There are a few herbalism mods which bypass the container aspect of the plant by using a script placed on the container to determine if (or how many) of the ingredients you should collect based upon various bits of info the moment you click on the container. Since the container is never actually used AS a container (the script has an "OnActivate" function which overrides the default OnActivate for the container which prevents it from opening), there's no reason the plant actually NEEDS to be a container.
So... an enterprising modder with an interest in making such a mod could simply start with one of those herbalism mods and then make a few changes (with permission from the original author assuming one intends to re-release it). The changes would be a bit tedious, but not at all difficult.
1) Pick a reagent - Note the mesh (or meshes) that correspond to the plant that the reagent comes from.
2) Create a NEW reagent (with a different ID) and assign it the same name, weight, value, and effects as the old one, but assign it to have the same mesh you found in step 1.
3) Assign the herbalism mod script associated with the plant/container to the new reagent.

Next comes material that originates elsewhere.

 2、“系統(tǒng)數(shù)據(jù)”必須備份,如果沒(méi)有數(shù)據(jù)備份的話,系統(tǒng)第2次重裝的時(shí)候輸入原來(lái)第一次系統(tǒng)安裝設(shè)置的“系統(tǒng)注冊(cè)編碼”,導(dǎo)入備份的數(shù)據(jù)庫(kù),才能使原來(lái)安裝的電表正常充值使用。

4) Using the construction set, find a copy of this plant, making sure the mesh matches exactly for reagents that have more than one source (e.g. trama roots, various flowers, etc) and use the "search and replace" feature to replace every copy of that plant/container with the newly created plant/reagent. - just deselect the "selection only" and "current cell only" checkboxes to ensure EVERY copy in the gameworld is replaced. Each matching plant in the game world will be replaced with your new plant/reagent in the same x,y,z location with the same x,y,z rotations, and the same scale as the original.

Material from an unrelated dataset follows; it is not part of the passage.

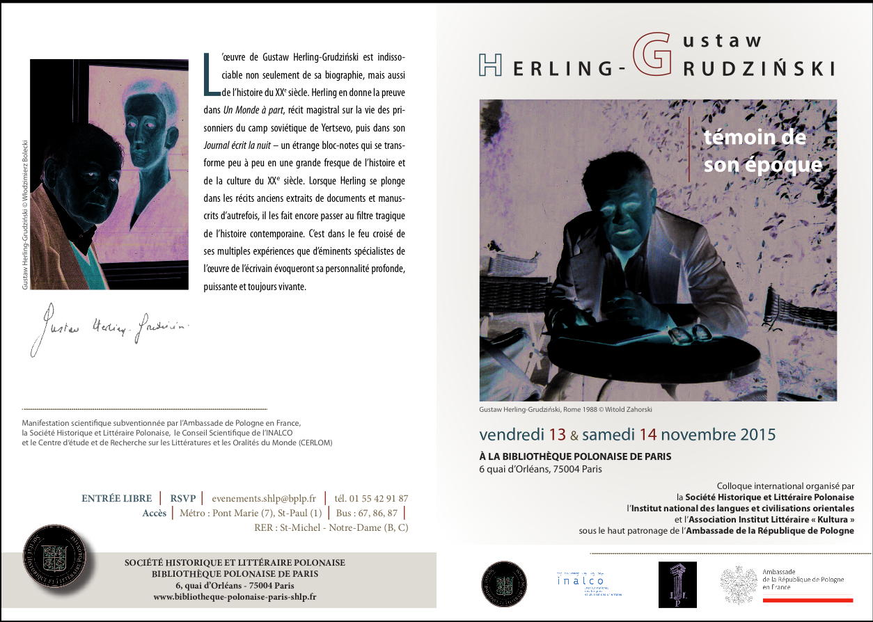 • 13-14/11 => Gustaw Herling-Grudziński, témoin de son époque [F-75004 Paris]

e.g. Comberry - open the comberry ingredient (ingred_comberry_01) and rename it "Ingred_comberry_01_bush". A window pops up and says "you've changed the object ID. Create a new object?" tell it yes. Now, edit the new object and change the art file from n\ingred_comberry_01.nif to f\flora_comberry_01.nif (the mesh of the bush the reagent comes from). Assign the same script to this new reagent that was on the container flora_comberry_01 - Note that this does NOT normally have a script on it, which is why this requires that you start with an herbalism mod that places a script on the container which prevents the container from opening. Now, find a comberry bush anywhere in the gameworld, and using the edit menu "search and replace" function, tell it to replace every flora_comberry_01 with ingred_comberry_01_bush (make sure that "current cell only" and "selection only" are NOT checked). click ok.
5) Wash, Rinse, Repeat.
Now, the plants that used to be containers are actually reagents. When you do a mouseover, it will show the information for the reagent they provide because they literally ARE an exact copy of the reagent. Since the plant/reagent has the script on it which overrides the OnActivate function, clicking on it in the wild will NOT cause it to go into your inventory... instead, it will provide you with the same reagents that it would have when it was still a container. Also, since you only replaced the plant/containers and not the reagents themselves, copies of the reagent which actually exist in the gameworld won't be changed, nor will any in containers or NPC inventories. ONLY the plant/containers will be any different, and the only functional difference will be what they show on mouse-over.
Note that the mouse-over will only be correct for areas which are included as parent-masters for your mod. If you have mods which add new land regions, you will have to either include them in the load list when making your mod, or create patches for them... or not. If you don't, the plants in the new areas will still work fine, they just won't have the alchemy mouse-over information because they'll still be the original plant/containers instead of your newly created plant/reagents.